Jesus tells his disciples "I am the Way" to reassure them that he will prepare a place for them in heaven. As the passage explains, Jesus blazed a trail through his life, death, and resurrection, opening a new path to God. He exemplified living according to the kingdom of heaven by loving others and serving their needs. The disciples then followed Jesus' example by continuing his works and spreading his message. Following "the Way" set by Jesus means committing oneself to living with love, compassion, worship, and service, just as he did.
Jesus tells his disciples "I am the Way" to reassure them that he will prepare a place for them in heaven. As the passage explains, Jesus blazed a trail through his life, death, and resurrection, opening a new path to God. He exemplified living according to the kingdom of heaven by loving others and serving their needs. The disciples then followed Jesus' example by continuing his works and spreading his message. Following "the Way" set by Jesus means committing oneself to living with love, compassion, worship, and service, just as he did.
Jesus tells his disciples "I am the Way" to reassure them that he will prepare a place for them in heaven. As the passage explains, Jesus blazed a trail through his life, death, and resurrection, opening a new path to God. He exemplified living according to the kingdom of heaven by loving others and serving their needs. The disciples then followed Jesus' example by continuing his works and spreading his message. Following "the Way" set by Jesus means committing oneself to living with love, compassion, worship, and service, just as he did.

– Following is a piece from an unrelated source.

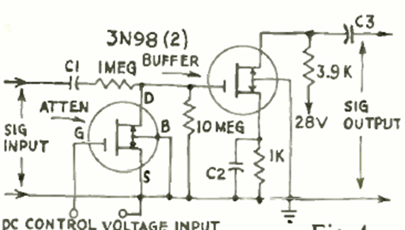 Este circuito tiene su ganancia determinada por el voltaje CC de control. El circuito es de una Radio Electrónica de mayo de 1967. La ganancia se puede ajustar hasta 60 dB o 70 dB de atenuación. Los transistores son MOSFET de la época.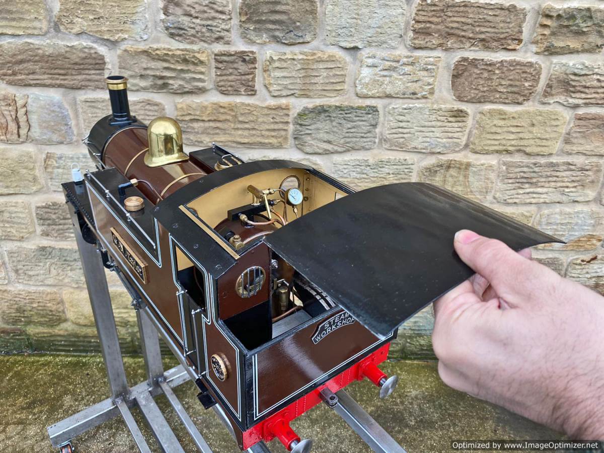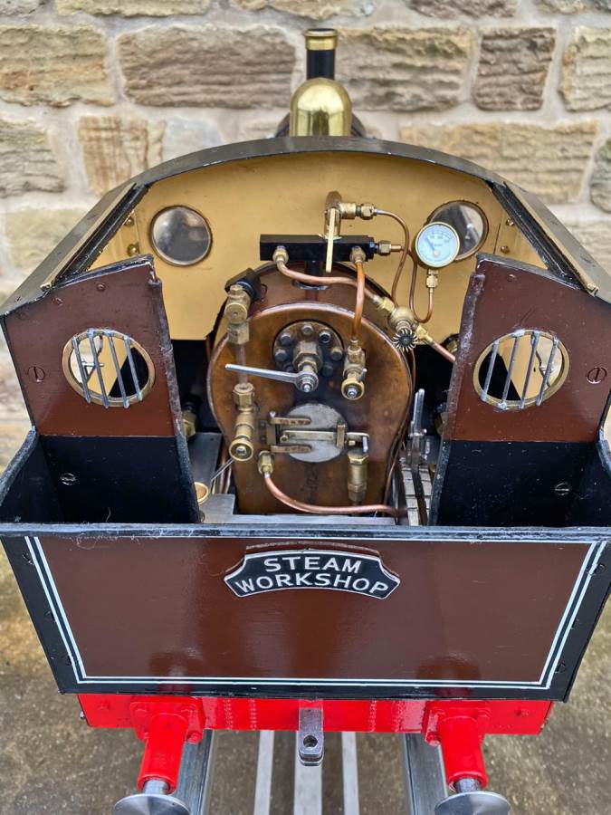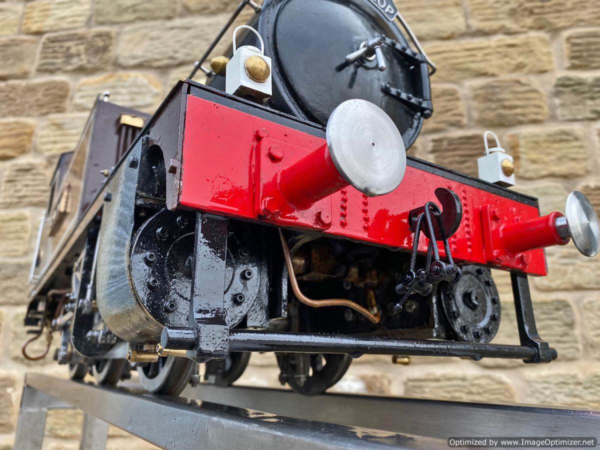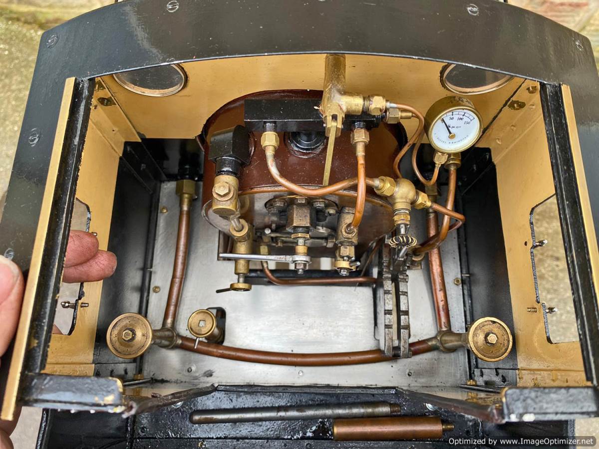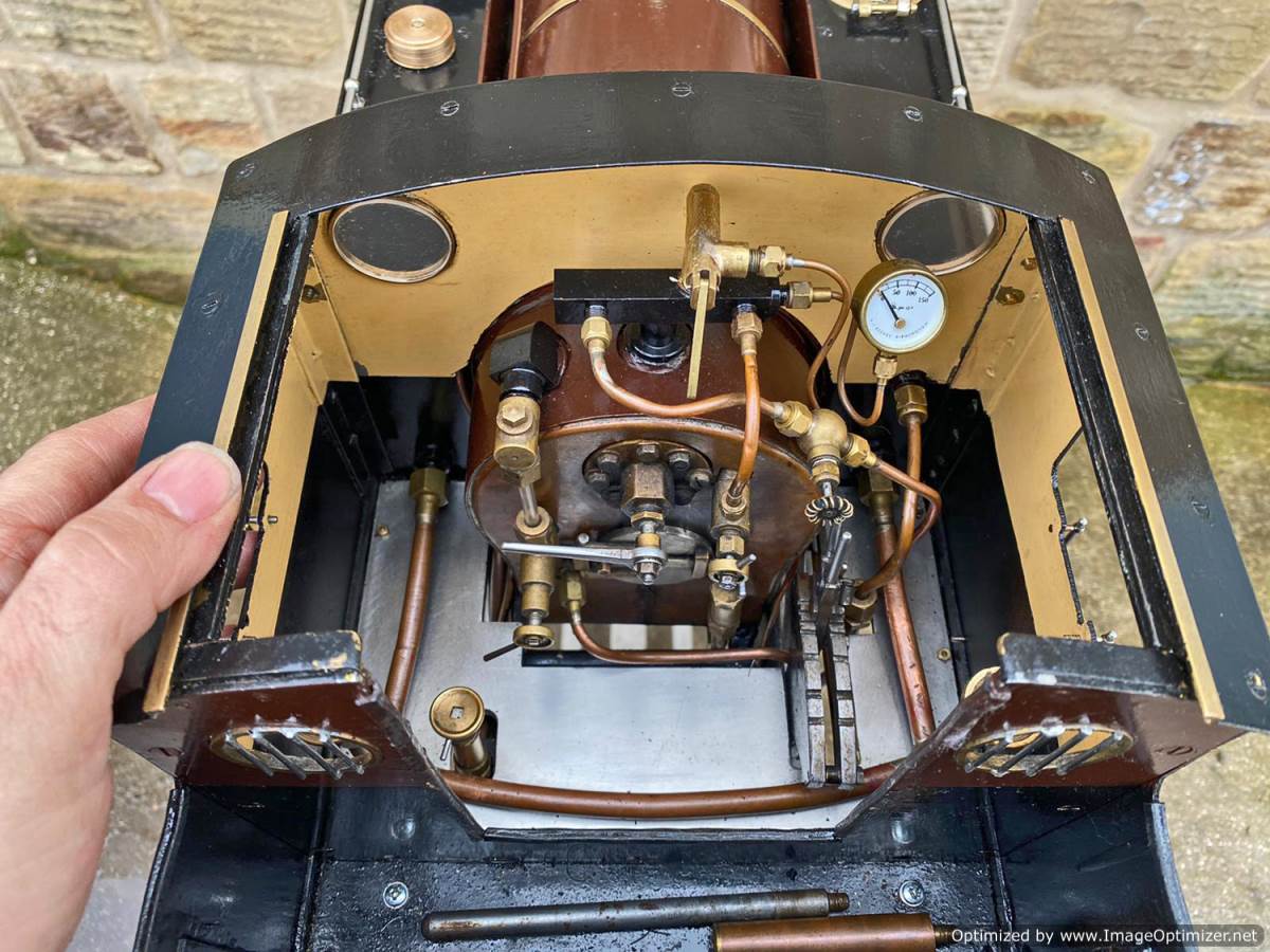 This loco has just benefited from an overhaul by her previous owner.  The bottom end doesn't have any significant slop present and we've given the copper, silver soldered boiler a twice working pressure hydraulic test to make sure all is well there too.  There's an injector, plus an axle pump with footplate mounted bypass and of course the hand pump hidden in the tank.  There's also a nice little cork float gauge in the left hand tank that pops up to show you the water level.  Lubrication is mechanical and in the usual place on the running board.

What does Jesus mean when he says to the disciples, ‘I am the
Way’? Jesus has just assured them that he will prepare a place for them and is answering Thomas’s remark that they don’t know where Jesus is going, let alone the way to follow.
Jesus is both signposting a pathway to the kingdom of heaven and
exemplifying a kingdom way of life on earth. At this point in his life story Jesus is about to make his final journey along the pathway to the Father, through arrest, imprisonment, torture and interrogation, execution and burial. The Father will glorify Jesus and himself by raising Jesus from the dead. The trail will be blazed, and forty days later, Jesus will return to heaven, whence he came to earth, and shortly after that at Pentecost, his followers will be baptised in the Holy Spirit to empower them to follow that same Way. As the writer to the Hebrews puts it: ‘By his death, Jesus opened a new and life- giving way’ (Hebrews 10.20, NLT). The disciples will become apostles and follow this path.
Jesus demonstrated the kingdom way of life during his ministry:
repent and be baptised; worship with God’s people and pray regularly; depend on God for material provision; do not accumulate wealth; treat all with kindness and respect; free captives; heal the sick; raise the dead. In the Acts of the Apostles we see the disciples do all these things, following the way set out by Jesus. In fact, Luke describes the followers of Jesus as, ‘followers of the Way’, before they are given the name ‘Christians’. We in our turn are called to commitment to this way, and as Jesus said: ‘whoever believes in me will do the works I have been doing, and they will do even greater things than these’. (John 14.12, NIV).
When I was preparing this brief reflection, a song came to mind
about walking 500 miles. I looked it up and found that the second verse and the refrain would be a fitting declaration for a disciple to make to Jesus:
When I'm working, [yes] I know I'm gonna be
I'm gonna be the one [man] who's working hard for you, And when the money, comes in for the work I do I'll pass almost (sic) every penny on to you
When I come home, well I know I'm gonna be
I'm gonna be the one [man] who comes back home to you. But I would walk 500 miles And I would walk 500 more Just to be the one [man] who walks a thousand miles To fall down at your door.
Jesus has a place prepared for each one of us: let us follow in the Way, however many miles we walk, and humbly fall down at his door, at the last coming home to him.